5

I have a DF that looks something like:

A    B    C    D    E
1    1    NaN  1    1
NaN  2    3    4    NaN

When I do:

df.to_json(orient='records')

I get something like

[{"A":1,"B":1,"C":null,"D":1,"E":1},{"A":null,"B":2,"C":3,"D":4,"E":null}]

Is there anyway to get it to ignore anything that has NaN and show something like:

[{"A":1,"B":1,"D":1,"E":1},{"B":2,"C":3,"D":4}]

Can I do this using pandas?

piRSquared
  • 285,575
  • 57
  • 475
  • 624
JS noob
  • 429
  • 5
  • 14
  • This is close enough: https://stackoverflow.com/questions/46166112/saving-a-pandas-dataframe-to-separate-jsons-without-nans -- I don't know whether it'd be considered a duplicate or not on StackOverflow (I'm relatively new). – Zain Patel Sep 25 '18 at 18:55
  • Let me offer the solution and close it `[dict(zip(x.index.get_level_values(1),x)) for _,x in df.replace('NAN',np.nan).stack().groupby(level=0)]` – BENY Sep 25 '18 at 18:57

2 Answers2

8

Try this:

[{**x[i]} for i, x in df.stack().groupby(level=0)]

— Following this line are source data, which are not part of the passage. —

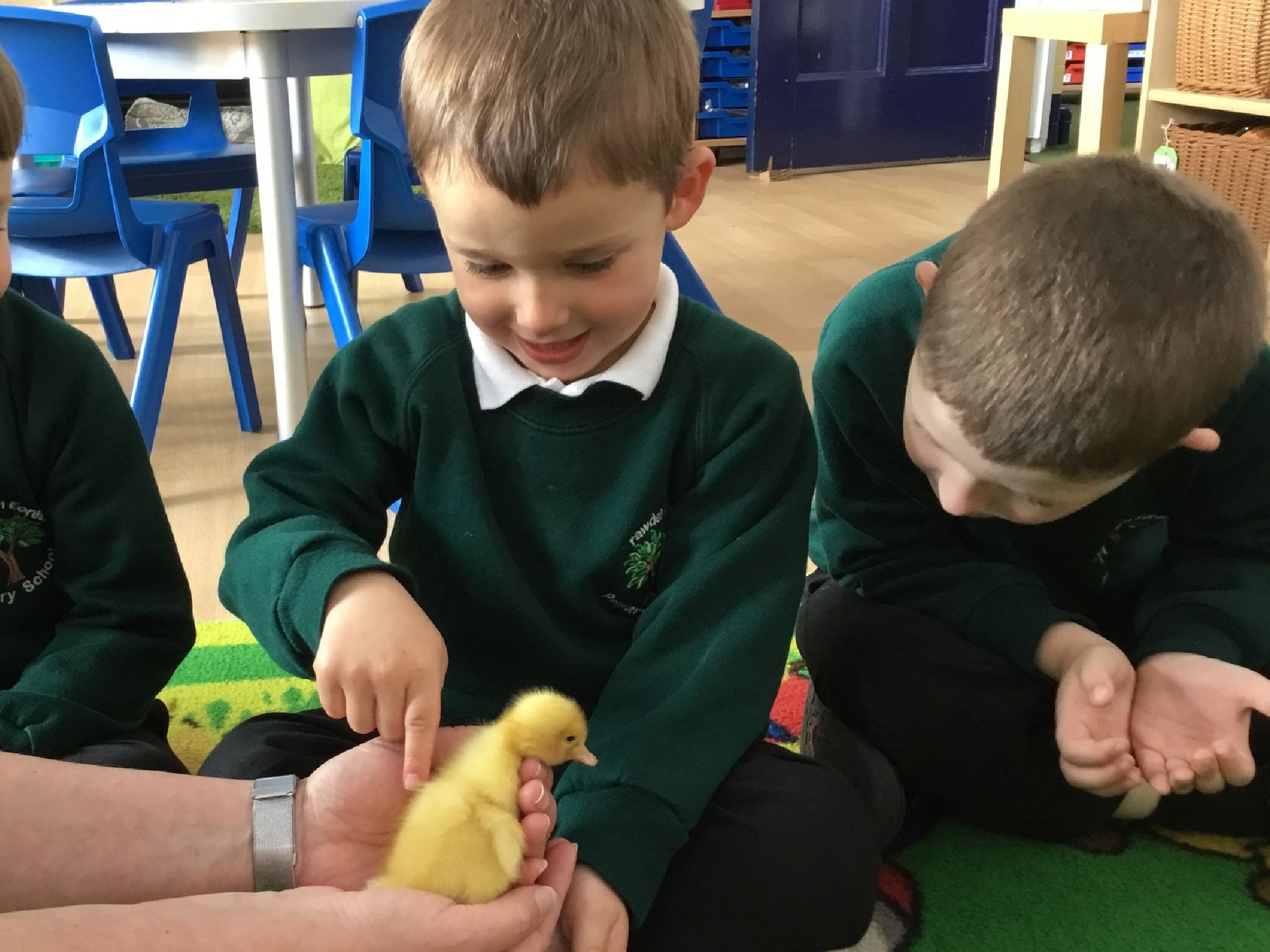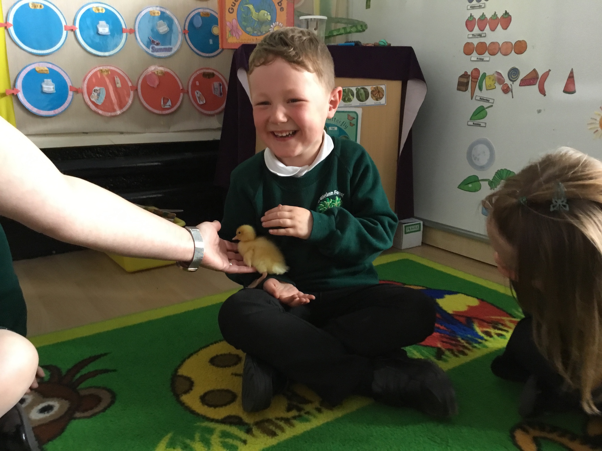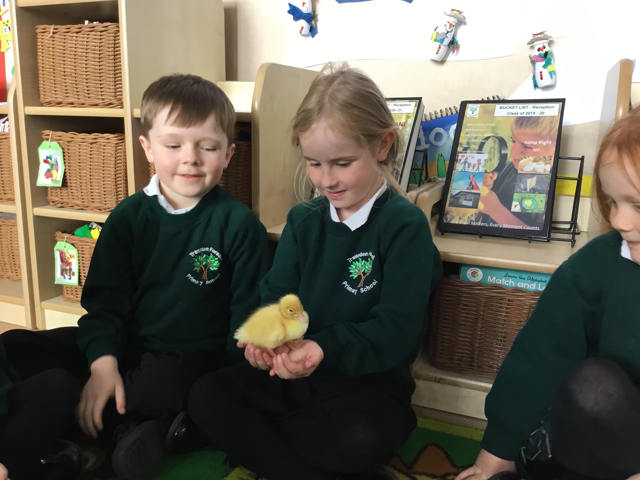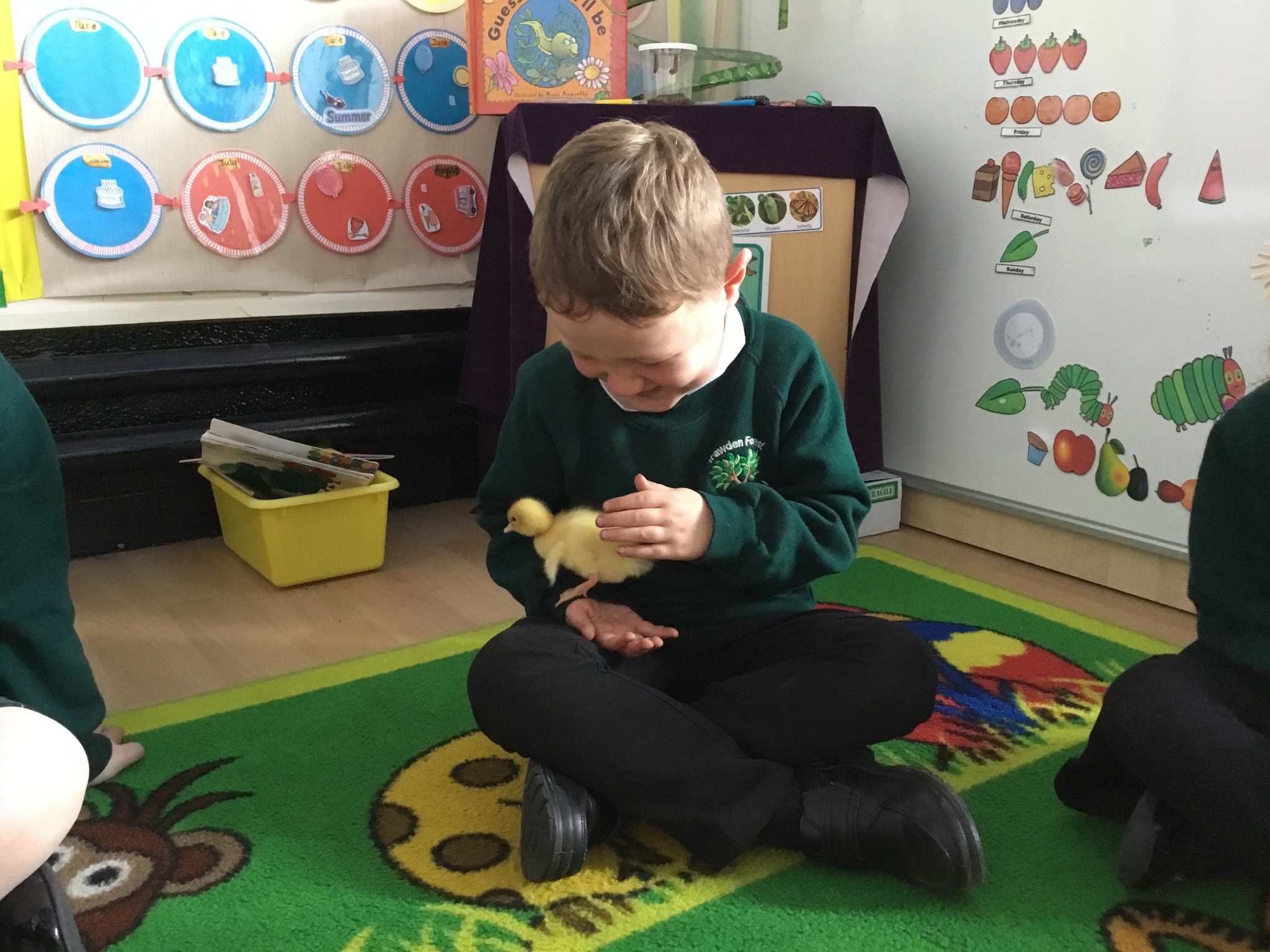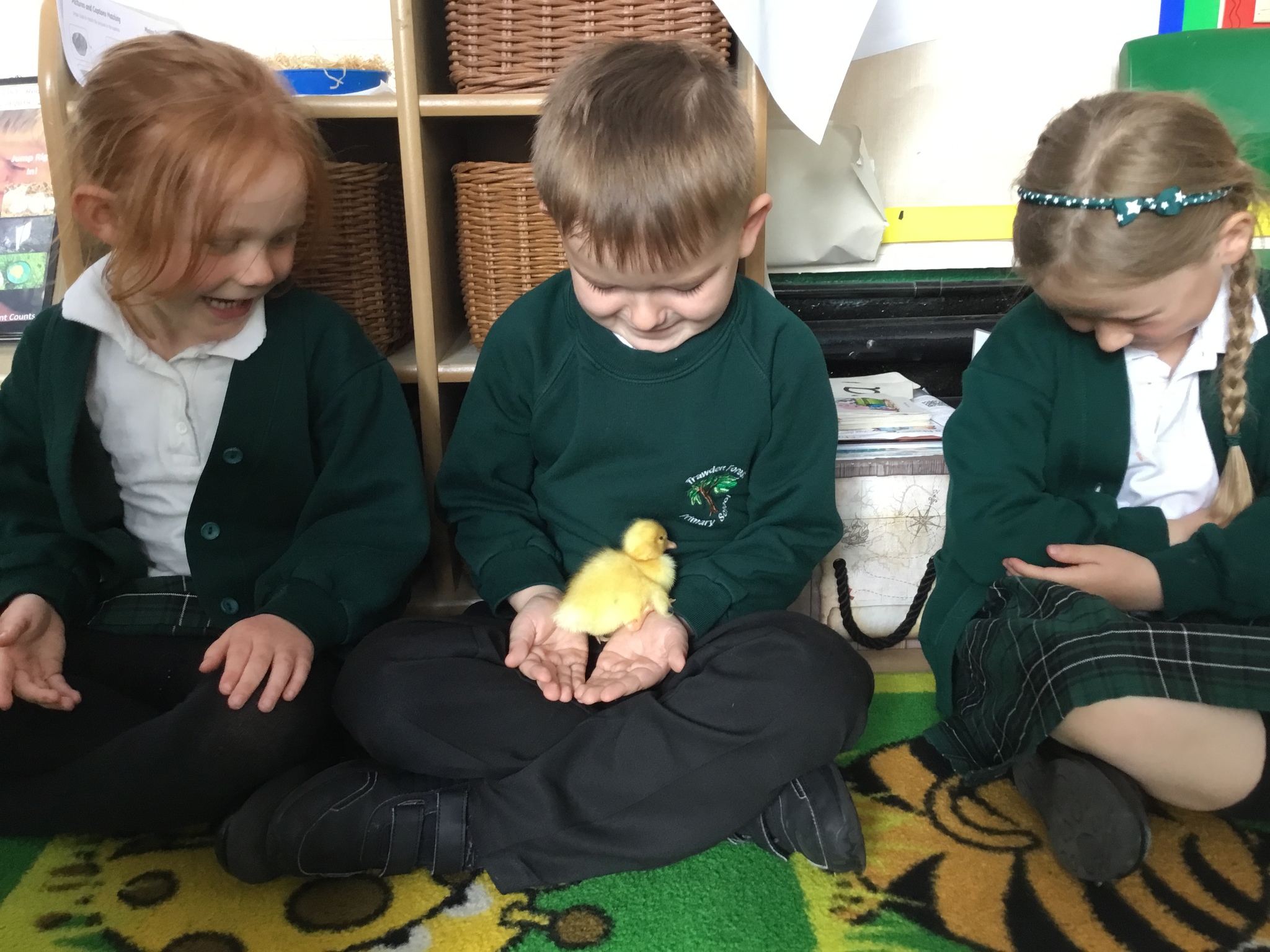 We put them on a mat for everyone to see and gave them names: Daisy, Dozy, Dizzy, Daffy, Digi and Dash. We talked about their feet, down and bills and were amazed at how they possibly fit inside the eggs.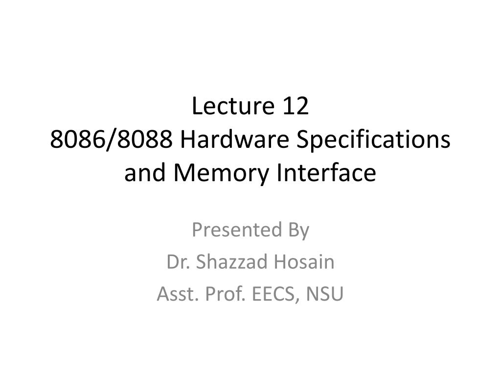 Lecture 128086/8088 Hardware Specifications and Memory Interface Presented By Dr. ShazzadHosain Asst. Prof. EECS, NSU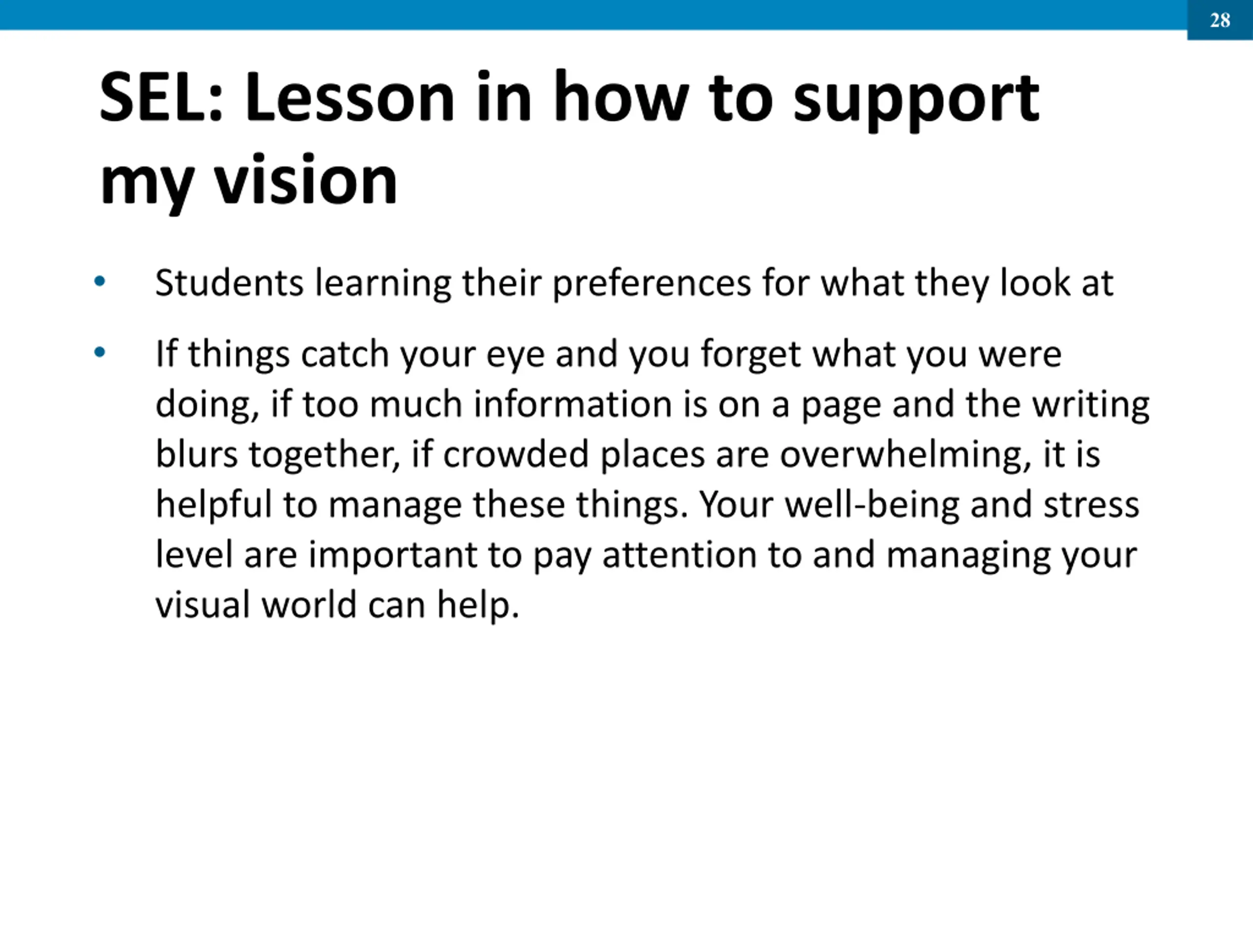 28 SEL: Lesson in how to support my vision Students learning their preferences for what they look at If things catch your eye and you forget what you were doing, if too much information is on a page and the writing blurs together, if crowded places are overwhelming, it is helpful to manage these things. Your well-being and stress level are important to pay attention to and managing your visual world can help.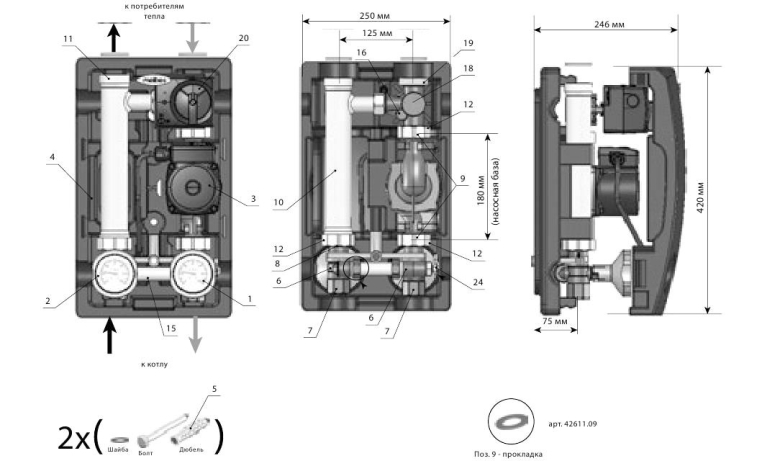 Насосная группа Meibes MK 1"" электронный термостат 20-80С без насоса ME 45841.5 EA RU (ME 45 841.5 ЕА RU)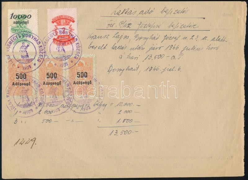 https://www.darabanth.com/en/28-Major-auction/28.1/Other-collectibles/Document-Stamps~11178/1946-Bonyhad-Lakasado-befizetas-13500AP-illetekbelyeggel-Flat-tax-payment~II1588062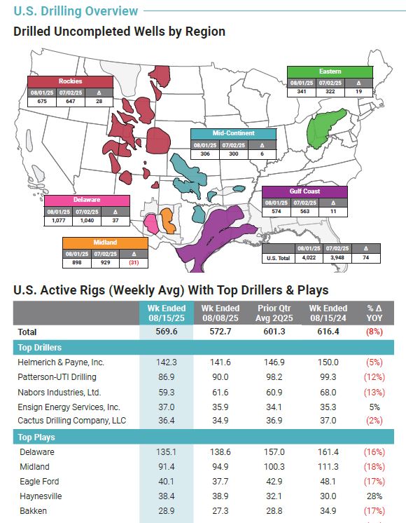 AUSTIN, Texas (Sept. 3, 2025) — Enverus, the most trusted energy-dedicated SaaS company that leverages generative AI across its solutions, has released its updated list of top drillers and customer rankings in the U.S., as well as detailed drilling rig analytics.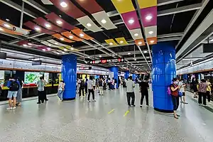 Zhujiang New Town Station (Chinese: 珠江新城站; Cantonese Yale: Jyūgōng Sānsìhng Jaahm) is an interchange metro station on Line 3 and Line 5 of the Guangzhou Metro. It started operations on 28 December 2005 and is located under the junction of Huaxia Road (华夏路) and Huacheng Avenue (花城大道) in Zhujiang New Town, Tianhe District, Guangzhou.[1][2]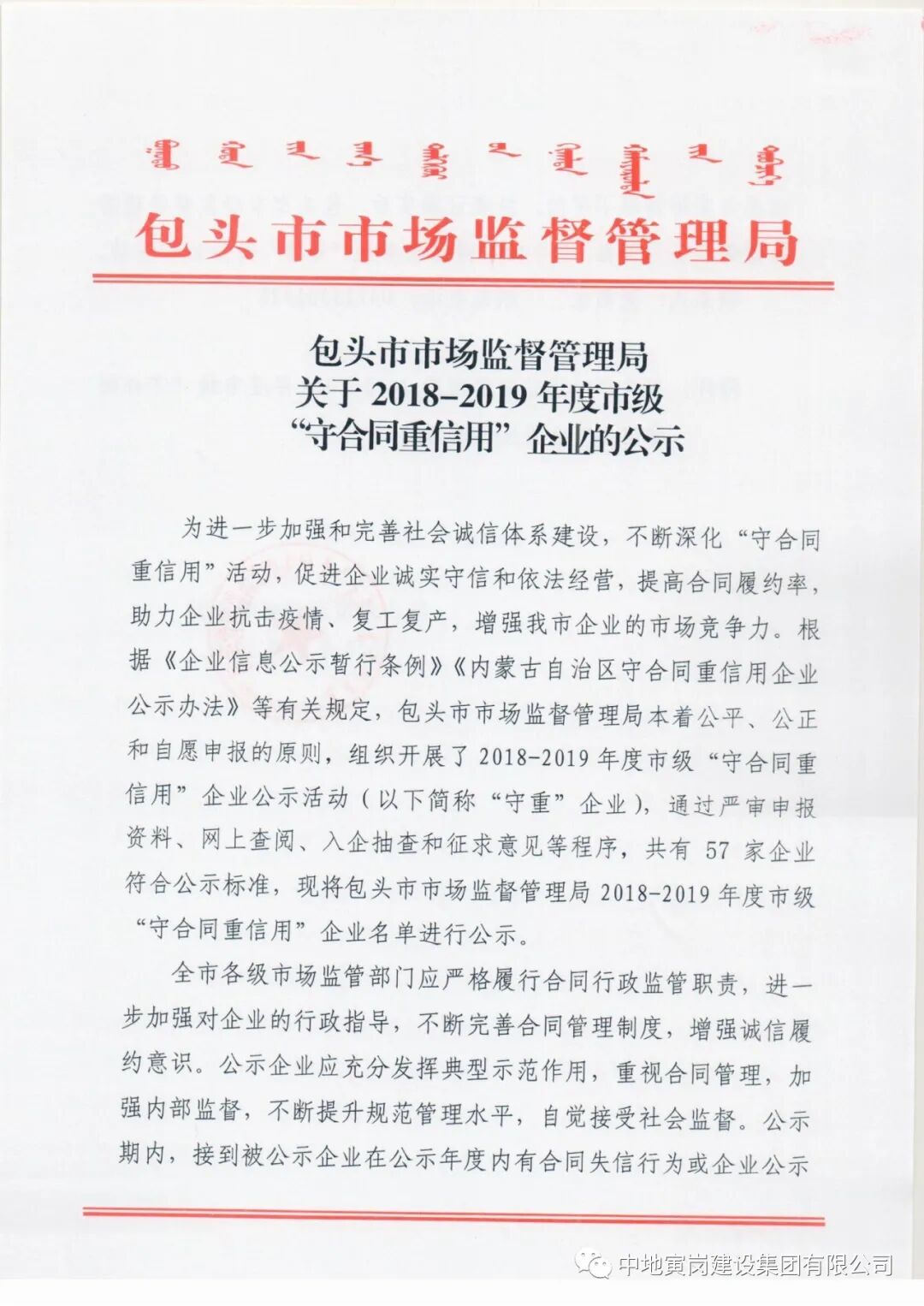 “守合同重信用”企业公示活动,是社会信用体系建设的重要组成部分,是工商部门对企业合同信用最高级别的评价,每两年评选一次,要求极为严格,标准极高。“企业和品牌具有社会影响力、合同信用管理体系健全、合同行为规范、合同履约状况好、经营效益达到较高水平、社会信誉好”是当选企业的基本条件。

[{'A': 1.0, 'B': 1.0, 'D': 1.0, 'E': 1.0}, {'B': 2.0, 'C': 3.0, 'D': 4.0}]

If you want int

[{**x[i]} for i, x in df.stack().map(int).groupby(level=0)]

[{'A': 1, 'B': 1, 'D': 1, 'E': 1}, {'B': 2, 'C': 3, 'D': 4}]

Hacky way to keep int if they are int

[{**x[i]} for i, x in df.stack().fillna(0, downcast='infer').groupby(level=0)]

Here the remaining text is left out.